- [ASSIGNMENT]: Return the complete listing exactly as it reads, with each picture removed.

- [DATA SECTION]:
*** Begin section ***
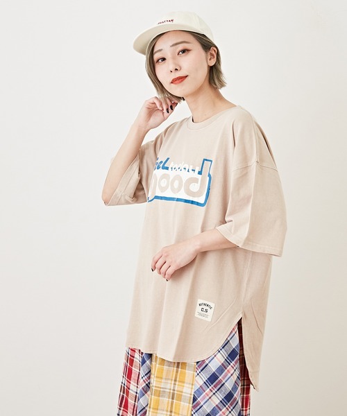 ■レトロポップなくすみパステル、配色ロゴTシャツ スモーキートーンの味わい深いパステルカラーでまとめたレトロポップなロゴTシャツが登場。 1枚でコーデが決まる夏だからこそ、大胆な配色プリントでアメカジ気分を盛り上げる事間違いなし。 古着屋さんで見つけたようなひび割れたカレッジプリントの風合いが、ずっと前から愛用していたかのようなユーズド感を表現しました。 ボディカラーによってロゴプリントの色をそれぞれセレクトしているのも見逃せないポイントです。 ■毎日着たいラフなビッグシルエット ストンと着るだけでコーデが決まるチュニック丈は、忙しい朝やコーディネートに悩んだときに頼りになる優秀アイテム。 裾はお尻まわりを自然にカバーしてくれる前後差のあるラウンド裾なので、パンツスタイルも安心して合わせられます。 ひじにかかる長めの半袖と、体のラインをはっきりさせないメンズから借りたようなサイジングが、ジェンダーレスでこなれたカジュアルに。 肩のラインを拾わないドロップショルダーが、夏のリラックスコーデにぴったりです。 ■着心地の良さの秘密は「ピグメント染め」 ビンテージの質感と、初めて着るときから肌に優しい風合いを生み出します。 ずっと前から愛用していたかのようなディテールが、ほかでは味わうことのできないこだわりのポイントです。 届いたその日からラフでこなれた古着MIXコーデが完成します。 ※モニター・環境等により実際の商品と多少色味が異なって表示される場合がございます。予めご了承をお願い致します。 【アイテムカテゴリ】 トップス Tシャツ プルオーバー tee ビッグTシャツ ロゴTシャツ 半袖Tシャツ 【デザイン】 配色 春カラー 春色 夏カラー 夏色 パステルカラー スモーキーカラー くすみカラー ヴィンテージ加工 ビンテージ加工 古着風 ユーズド風 英字 英語 カレッジロゴ ロゴプリント ひび割れプリント クラックプリント 【シルエット】 ミディアム丈 ミドル丈 ロング丈 チュニック丈 ドロップショルダー ビッグシルエット オーバーサイズ 大きいサイズ ゆったり 大きめ 楽ちん 動きやすい Mサイズ フリーサイズ クルーネック 丸首 半袖 半そで ショートスリーブ ハーフスリーブ 【生地・素材】 コットン 綿 カットソー 天竺 【ファッションテイスト】 大人カジュアル アメカジ アメリカンカジュアル ペアルック おそろい アウトドアファッション ピクニック レジャー キャンプ ハイキング スポーティファッション スポーツミックス ストリートスタイル ストリートファッション ストリート系 スケータースタイル 韓国コーデ 韓流 フェス ライブ ガーリィ ガーリー メンズライク 【シーズン】 春 春夏 夏
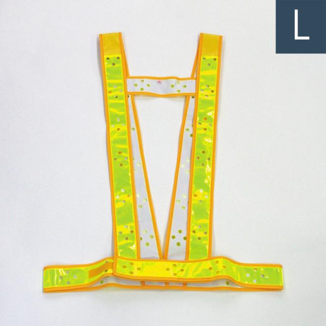 ●メッシュを使用せず、反射材裏の補強材も無く、さらに穴も開けて軽量化を図りました。(反射タスキと比較=M:200g→112g/L:221g→126g)
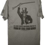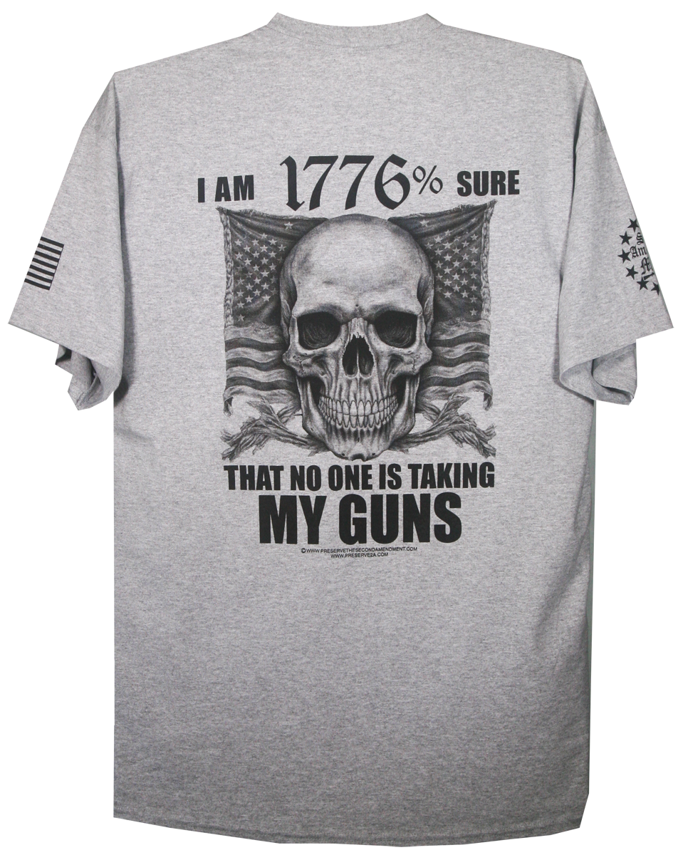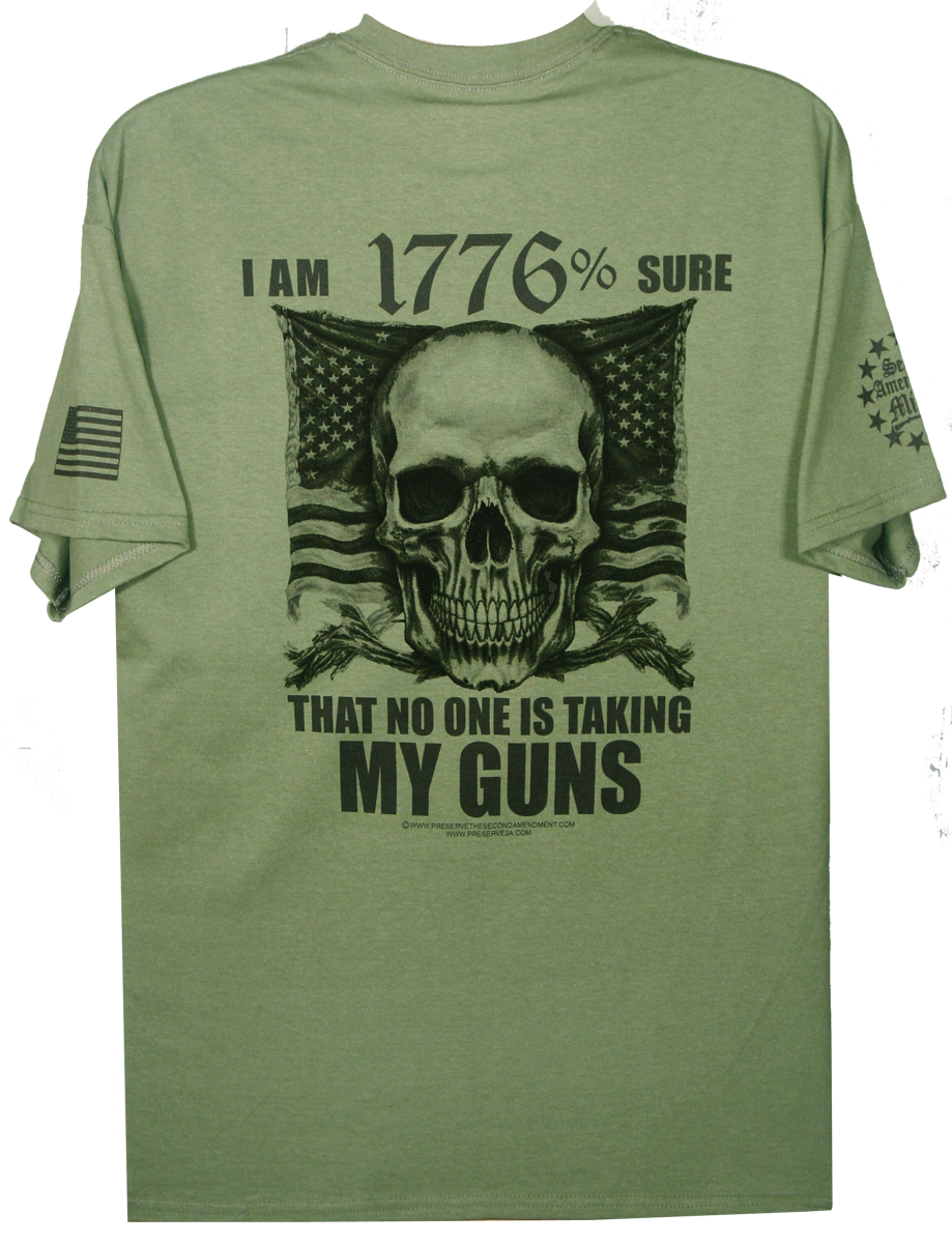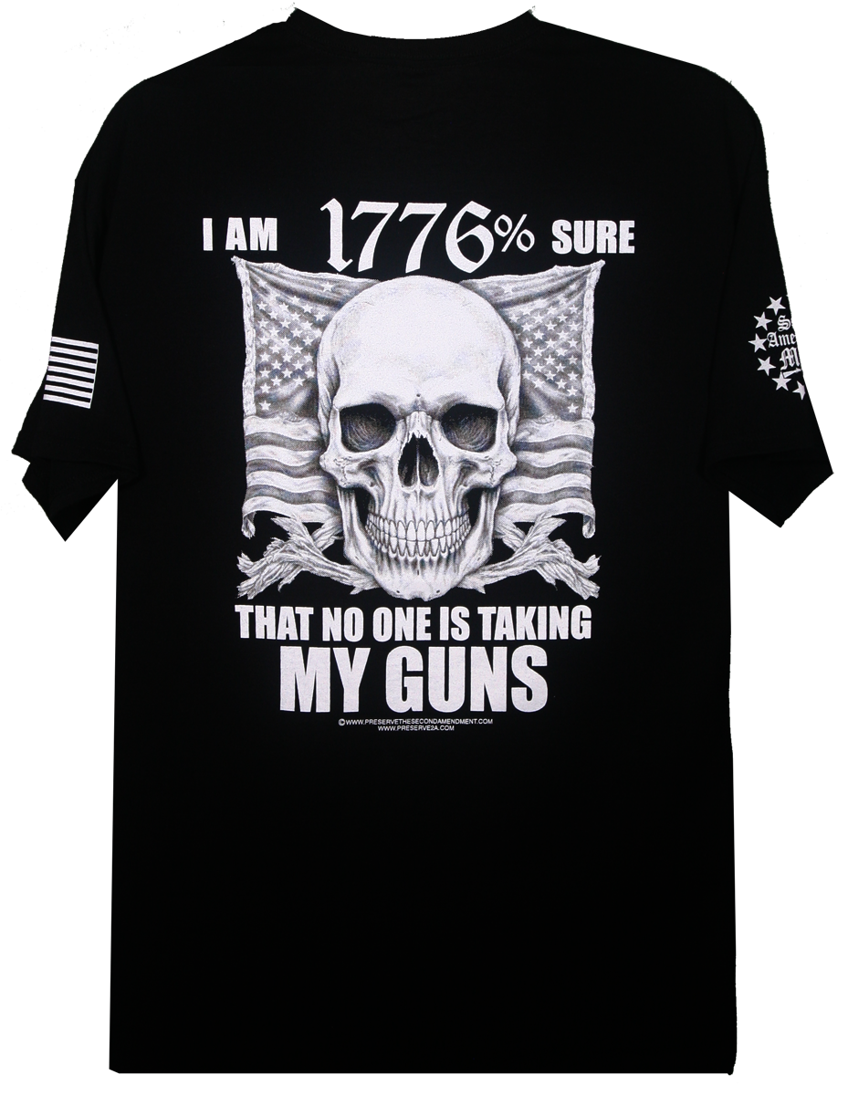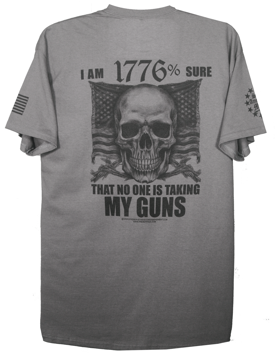 This design features a bold Skull with an American Flag banner design in the backround. The quote: “I’M 1776% SURE THAT NO ONE IS TAKING MY GUNS” is a statement most Second Amendment supporters feel strongly about. This is a right given to us in our Constitution that we will always defend.
*** End section ***
- [PROBLEM SOLUTION]:
 ■レトロポップなくすみパステル、配色ロゴTシャツ スモーキートーンの味わい深いパステルカラーでまとめたレトロポップなロゴTシャツが登場。 1枚でコーデが決まる夏だからこそ、大胆な配色プリントでアメカジ気分を盛り上げる事間違いなし。 古着屋さんで見つけたようなひび割れたカレッジプリントの風合いが、ずっと前から愛用していたかのようなユーズド感を表現しました。 ボディカラーによってロゴプリントの色をそれぞれセレクトしているのも見逃せないポイントです。 ■毎日着たいラフなビッグシルエット ストンと着るだけでコーデが決まるチュニック丈は、忙しい朝やコーディネートに悩んだときに頼りになる優秀アイテム。 裾はお尻まわりを自然にカバーしてくれる前後差のあるラウンド裾なので、パンツスタイルも安心して合わせられます。 ひじにかかる長めの半袖と、体のラインをはっきりさせないメンズから借りたようなサイジングが、ジェンダーレスでこなれたカジュアルに。 肩のラインを拾わないドロップショルダーが、夏のリラックスコーデにぴったりです。 ■着心地の良さの秘密は「ピグメント染め」 ビンテージの質感と、初めて着るときから肌に優しい風合いを生み出します。 ずっと前から愛用していたかのようなディテールが、ほかでは味わうことのできないこだわりのポイントです。 届いたその日からラフでこなれた古着MIXコーデが完成します。 ※モニター・環境等により実際の商品と多少色味が異なって表示される場合がございます。予めご了承をお願い致します。 【アイテムカテゴリ】 トップス Tシャツ プルオーバー tee ビッグTシャツ ロゴTシャツ 半袖Tシャツ 【デザイン】 配色 春カラー 春色 夏カラー 夏色 パステルカラー スモーキーカラー くすみカラー ヴィンテージ加工 ビンテージ加工 古着風 ユーズド風 英字 英語 カレッジロゴ ロゴプリント ひび割れプリント クラックプリント 【シルエット】 ミディアム丈 ミドル丈 ロング丈 チュニック丈 ドロップショルダー ビッグシルエット オーバーサイズ 大きいサイズ ゆったり 大きめ 楽ちん 動きやすい Mサイズ フリーサイズ クルーネック 丸首 半袖 半そで ショートスリーブ ハーフスリーブ 【生地・素材】 コットン 綿 カットソー 天竺 【ファッションテイスト】 大人カジュアル アメカジ アメリカンカジュアル ペアルック おそろい アウトドアファッション ピクニック レジャー キャンプ ハイキング スポーティファッション スポーツミックス ストリートスタイル ストリートファッション ストリート系 スケータースタイル 韓国コーデ 韓流 フェス ライブ ガーリィ ガーリー メンズライク 【シーズン】 春 春夏 夏
 ●メッシュを使用せず、反射材裏の補強材も無く、さらに穴も開けて軽量化を図りました。(反射タスキと比較=M:200g→112g/L:221g→126g)
 This design features a bold Skull with an American Flag banner design in the backround. The quote: “I’M 1776% SURE THAT NO ONE IS TAKING MY GUNS” is a statement most Second Amendment supporters feel strongly about. This is a right given to us in our Constitution that we will always defend.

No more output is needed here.